▶ **Task statement**: Apart from the images, every record below must be given again without alteration.
----------------
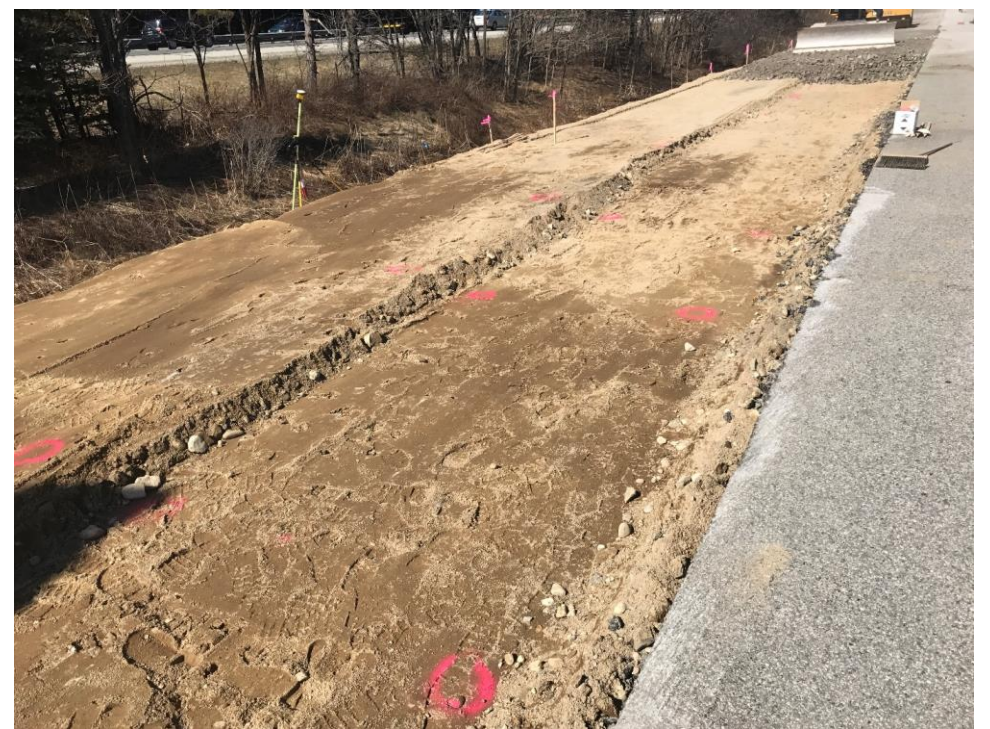
Photo 2 – Subbase graded in general conformance with typical sections (Afternoon).
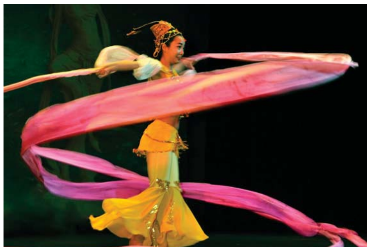
The Buddhist Inspired Dunhuang Dance, "Flying," was a colorful way to welcome in the New Year.

The performances opened in a creative way, with a short film chronicling a Chinese student living in New York, who is pulled by the "Golden Monkey" into the "live" performance at the Schimmel Theatre, segueing into the opening "Ode to Spring," a traditional fan dance complete with festive red costumes. After the opening dance, students from Pace University and partner institutions, and a number of independent artists, performed a variety of arts including dance, music, martial arts, and acrobatics, garnering cheers and applause from
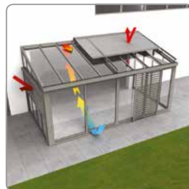
Healthy veranda concept®
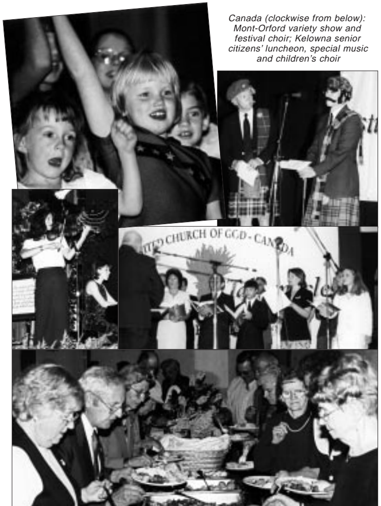
Canada (clockwise from below): Mont-Orford variety show and festival choir; Kelowna senior citizens' luncheon, special music and children's choir

Festival activities included a seniors' luncheon, a boat cruise, a wine train excursion, a family dance, a family day activity, a staff reception, laser bowling for the teens, a singles' hike, festival youth lessons, an interactive teen study, a ministerial dinner and a young adults' presentation. Also, there was a special youth day when the young people
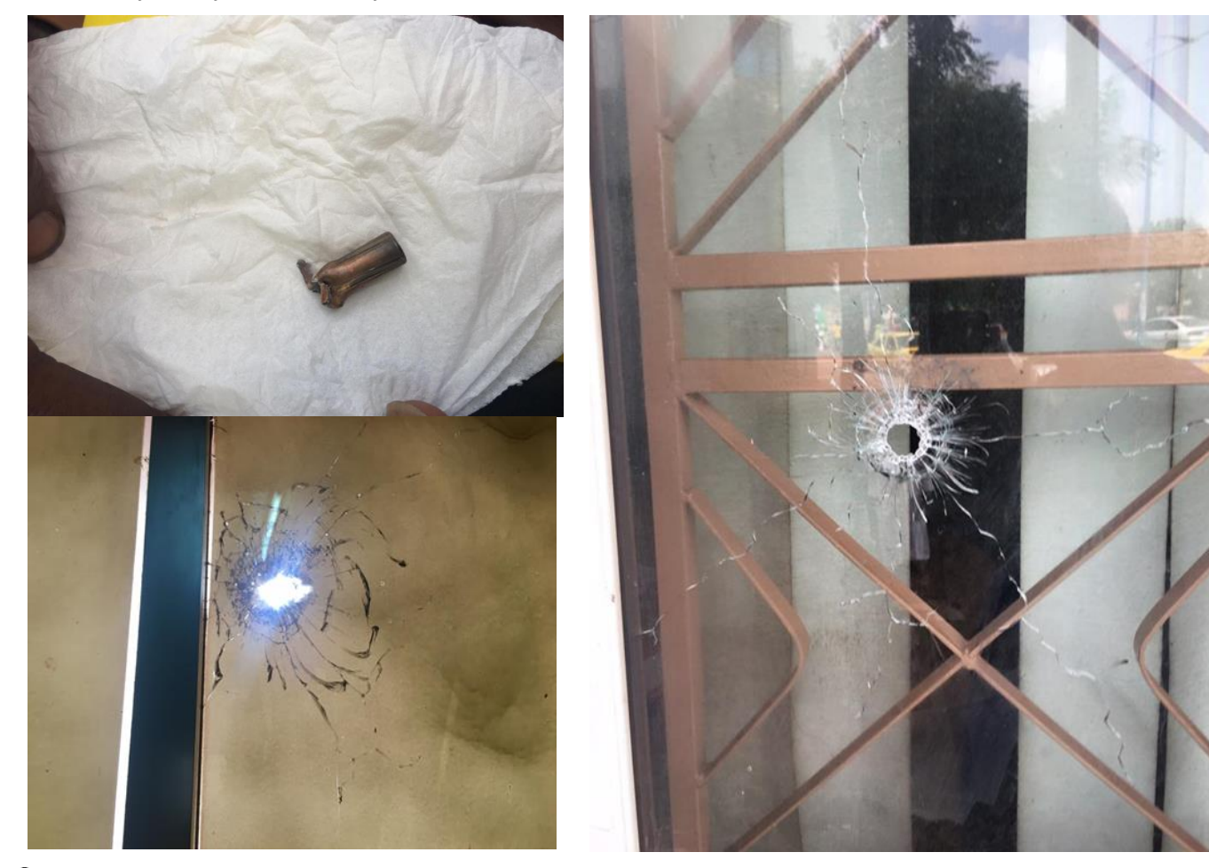
Bullet impact on Immeuble Adjacoroba in Sogoninko/Magnambougou, during the 11 July demonstrations.

Beyond the victims, some of the private properties were riddled by bullets fired by police officers stationed near the Magnambougou junction. This is the case of Immeuble Adjacoroba in Sogoninko, which was hit by bullets fired by security forces on 11 July.
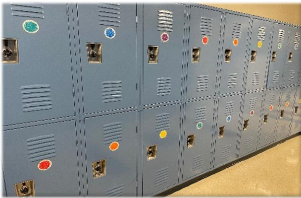
Lockers were colored-coded for social distancing. Students are called by "color" to their lockers
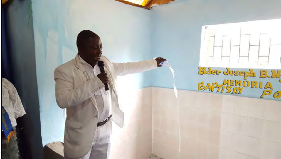
Dedicating the Baptismal Tank
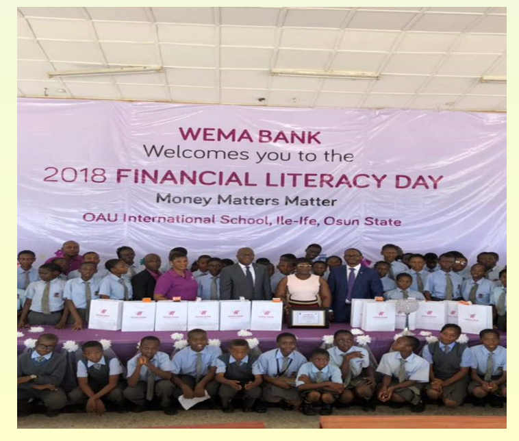
Students at Wema Bank During financial literacy day
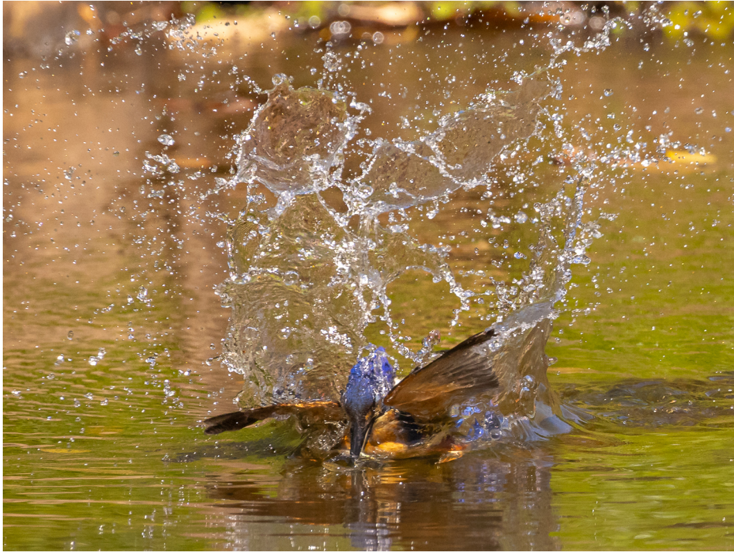
Azure Dive and Catch
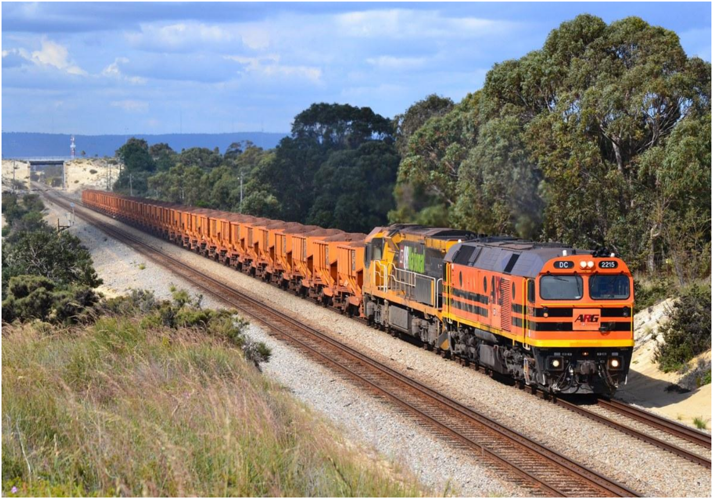
DC2215 & ACA6009 on 2034 ore train to Kwinana at Jandakot October 15th.
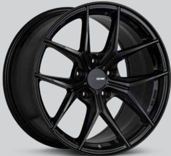
Gloss Black (BK)

Cap# A476-CAPBK, Cap# for 5x120 BMW size, Cap# A476-CAPBK BMW
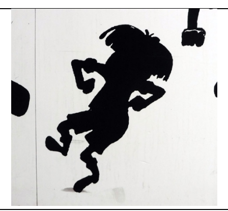
What other characters does Jommeke dance with ?
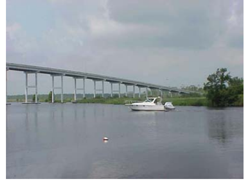
Pungo Ferry Bridge

There is substantial interest and desire from local bicycling associations to sponsor national bicycling events. The Tom Coghill Celebration of Life Ride, sponsored by the Tidewater Bicycling Association, has been held annually in June for the past three years. Each year has seen an increase in participants with approximately 750 bicyclists attending this year's event. The designation and development of this on-road route could prompt numerous other bicycling events to be held in the City expanding Virginia Beach's reputation as a tourist destination point.
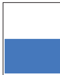
1/2 page 10.75"x7" $200
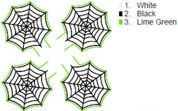
Spiderwebpencil Sorted.pes 99.40x99.30 mm; 5,955 stitches 3 thread changes; 3 colors

by GG Designs Embroidery Stitch count and colour chart
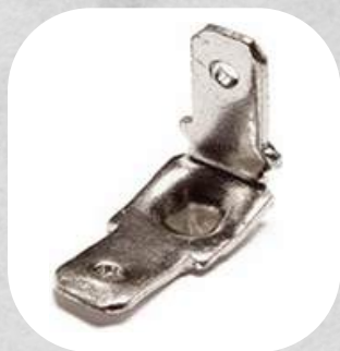
Ref: 0208 Terminal 4.8 invertido
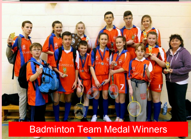
Badminton Team Medal Winners
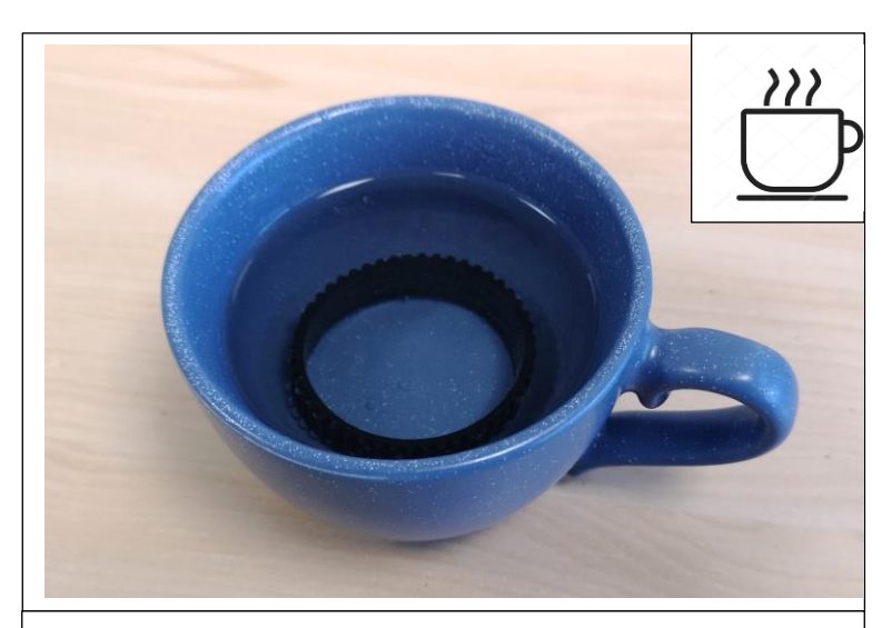
Put replacement braking lining in hot water (80°c) for 10 min
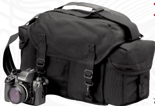
700-J2B – Black Ballistic Nylon

Similar to the J-1 in form and function, the J-2 is slightly smaller in length and height to accommodate a little less gear.
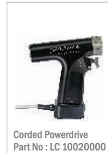
Corded Powerdrive Part No : LC 10020000
----------------
▶ **Solution for this problem**:
Photo 2 – Subbase graded in general conformance with typical sections (Afternoon).
The Buddhist Inspired Dunhuang Dance, "Flying," was a colorful way to welcome in the New Year.

The performances opened in a creative way, with a short film chronicling a Chinese student living in New York, who is pulled by the "Golden Monkey" into the "live" performance at the Schimmel Theatre, segueing into the opening "Ode to Spring," a traditional fan dance complete with festive red costumes. After the opening dance, students from Pace University and partner institutions, and a number of independent artists, performed a variety of arts including dance, music, martial arts, and acrobatics, garnering cheers and applause from
Healthy veranda concept®
Canada (clockwise from below): Mont-Orford variety show and festival choir; Kelowna senior citizens' luncheon, special music and children's choir

Festival activities included a seniors' luncheon, a boat cruise, a wine train excursion, a family dance, a family day activity, a staff reception, laser bowling for the teens, a singles' hike, festival youth lessons, an interactive teen study, a ministerial dinner and a young adults' presentation. Also, there was a special youth day when the young people
Bullet impact on Immeuble Adjacoroba in Sogoninko/Magnambougou, during the 11 July demonstrations.

Beyond the victims, some of the private properties were riddled by bullets fired by police officers stationed near the Magnambougou junction. This is the case of Immeuble Adjacoroba in Sogoninko, which was hit by bullets fired by security forces on 11 July.
Lockers were colored-coded for social distancing. Students are called by "color" to their lockers
Dedicating the Baptismal Tank
Students at Wema Bank During financial literacy day
Azure Dive and Catch
DC2215 & ACA6009 on 2034 ore train to Kwinana at Jandakot October 15th.
Gloss Black (BK)

Cap# A476-CAPBK, Cap# for 5x120 BMW size, Cap# A476-CAPBK BMW
What other characters does Jommeke dance with ?
Pungo Ferry Bridge

There is substantial interest and desire from local bicycling associations to sponsor national bicycling events. The Tom Coghill Celebration of Life Ride, sponsored by the Tidewater Bicycling Association, has been held annually in June for the past three years. Each year has seen an increase in participants with approximately 750 bicyclists attending this year's event. The designation and development of this on-road route could prompt numerous other bicycling events to be held in the City expanding Virginia Beach's reputation as a tourist destination point.
1/2 page 10.75"x7" $200
Spiderwebpencil Sorted.pes 99.40x99.30 mm; 5,955 stitches 3 thread changes; 3 colors

by GG Designs Embroidery Stitch count and colour chart
Ref: 0208 Terminal 4.8 invertido
Badminton Team Medal Winners
Put replacement braking lining in hot water (80°c) for 10 min
700-J2B – Black Ballistic Nylon

Similar to the J-1 in form and function, the J-2 is slightly smaller in length and height to accommodate a little less gear.
Corded Powerdrive Part No : LC 10020000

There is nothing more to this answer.